## WORK REQUIRED
Pictures appear among the records below and must be omitted. Repeat exactly the lines from the line with "Das helle Bad" to the line with "- 스프링제본, 분철, 불법복제물 및 외관적으로 판매가 불가능한 경우", both included.

## TASK MATERIAL
· · ·

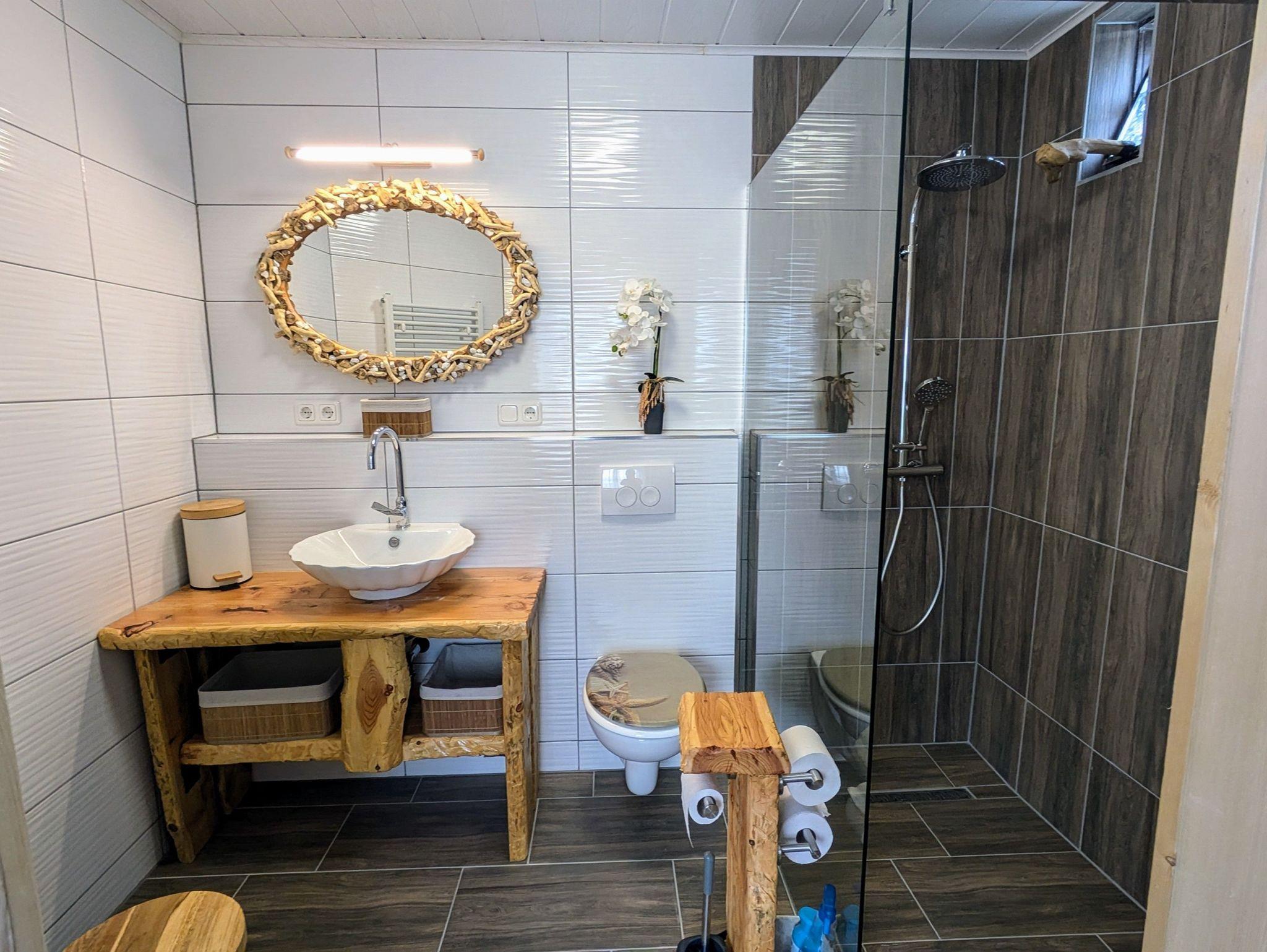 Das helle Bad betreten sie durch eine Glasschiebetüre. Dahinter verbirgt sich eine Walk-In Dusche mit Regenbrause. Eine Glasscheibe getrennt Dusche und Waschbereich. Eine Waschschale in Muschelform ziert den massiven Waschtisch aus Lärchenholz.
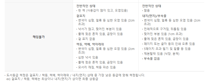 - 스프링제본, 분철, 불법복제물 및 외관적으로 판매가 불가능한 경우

· · ·

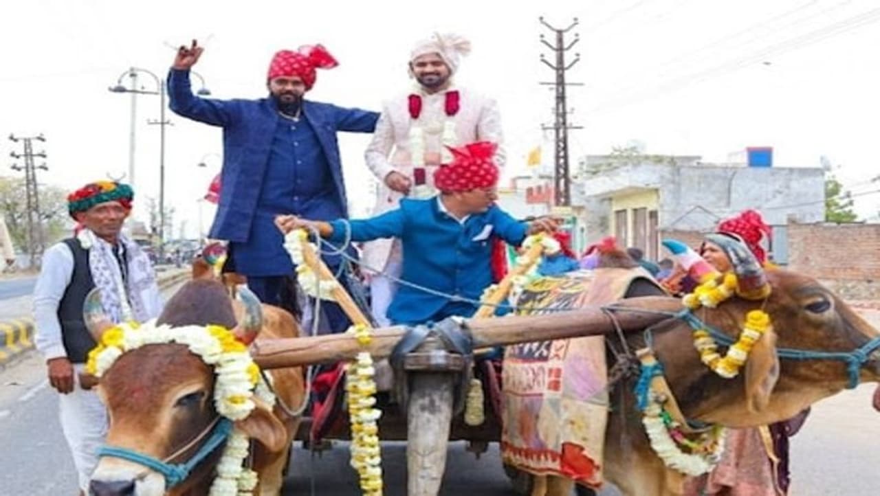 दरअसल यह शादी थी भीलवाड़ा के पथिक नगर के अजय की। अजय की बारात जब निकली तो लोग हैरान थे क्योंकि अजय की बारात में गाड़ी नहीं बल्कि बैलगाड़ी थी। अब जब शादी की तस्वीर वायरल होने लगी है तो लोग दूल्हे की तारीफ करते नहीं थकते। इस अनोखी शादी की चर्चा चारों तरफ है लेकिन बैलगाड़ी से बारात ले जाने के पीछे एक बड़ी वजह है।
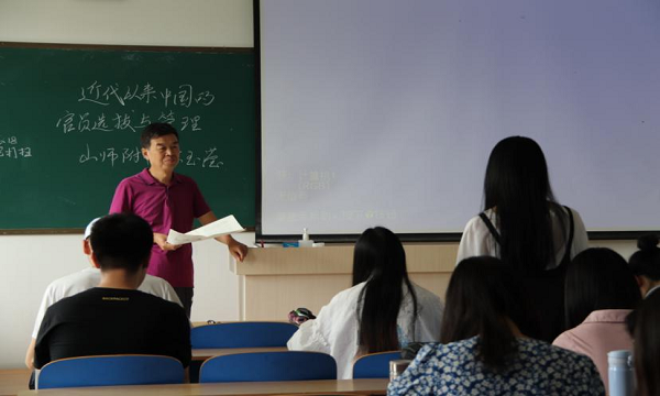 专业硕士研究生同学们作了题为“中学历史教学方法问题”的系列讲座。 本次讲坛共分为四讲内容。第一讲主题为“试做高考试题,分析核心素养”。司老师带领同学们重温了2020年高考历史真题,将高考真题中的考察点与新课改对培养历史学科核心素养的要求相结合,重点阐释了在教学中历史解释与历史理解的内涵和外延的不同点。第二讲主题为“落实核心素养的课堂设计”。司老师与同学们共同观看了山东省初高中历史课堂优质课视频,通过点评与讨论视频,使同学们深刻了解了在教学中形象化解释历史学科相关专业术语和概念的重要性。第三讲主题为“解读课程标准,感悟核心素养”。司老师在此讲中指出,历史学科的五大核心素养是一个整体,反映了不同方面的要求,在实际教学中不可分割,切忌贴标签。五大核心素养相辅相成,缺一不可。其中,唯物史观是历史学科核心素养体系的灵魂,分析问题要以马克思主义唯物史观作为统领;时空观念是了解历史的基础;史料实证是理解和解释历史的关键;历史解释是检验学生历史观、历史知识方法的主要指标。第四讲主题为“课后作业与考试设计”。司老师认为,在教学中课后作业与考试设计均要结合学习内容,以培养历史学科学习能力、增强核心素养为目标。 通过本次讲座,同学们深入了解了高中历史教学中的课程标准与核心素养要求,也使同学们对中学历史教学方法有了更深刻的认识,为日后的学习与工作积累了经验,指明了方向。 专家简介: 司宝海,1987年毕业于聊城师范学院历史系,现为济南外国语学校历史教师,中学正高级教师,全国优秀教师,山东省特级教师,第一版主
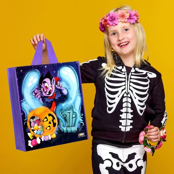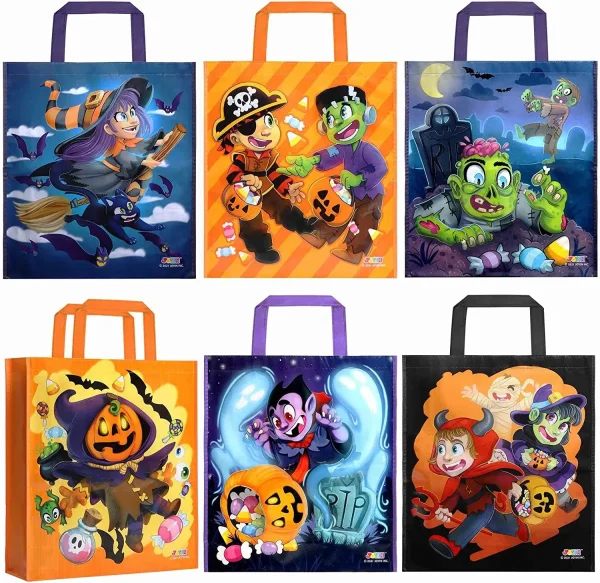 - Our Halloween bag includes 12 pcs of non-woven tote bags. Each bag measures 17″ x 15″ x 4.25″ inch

· · ·

## ANSWER SPACE
 Das helle Bad betreten sie durch eine Glasschiebetüre. Dahinter verbirgt sich eine Walk-In Dusche mit Regenbrause. Eine Glasscheibe getrennt Dusche und Waschbereich. Eine Waschschale in Muschelform ziert den massiven Waschtisch aus Lärchenholz.
 - 스프링제본, 분철, 불법복제물 및 외관적으로 판매가 불가능한 경우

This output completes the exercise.